* REQUIRED WORK
Below are the records; extract from them the line containing "Modulo Waschtische |" to the line containing "Flores naturales previamente", both lines included, exactly and with no pictures.

* GIVEN DATA
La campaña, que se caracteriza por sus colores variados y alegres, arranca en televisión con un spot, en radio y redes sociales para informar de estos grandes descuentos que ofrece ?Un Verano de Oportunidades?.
---
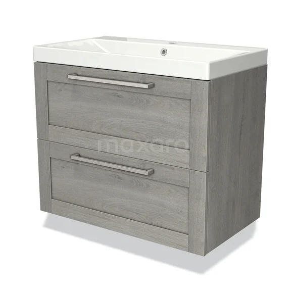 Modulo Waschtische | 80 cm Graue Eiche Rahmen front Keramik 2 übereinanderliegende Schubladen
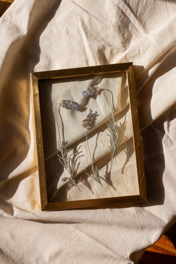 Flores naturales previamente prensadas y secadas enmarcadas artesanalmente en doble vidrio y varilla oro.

* PROBLEM SOLUTION
 Modulo Waschtische | 80 cm Graue Eiche Rahmen front Keramik 2 übereinanderliegende Schubladen
 Flores naturales previamente prensadas y secadas enmarcadas artesanalmente en doble vidrio y varilla oro.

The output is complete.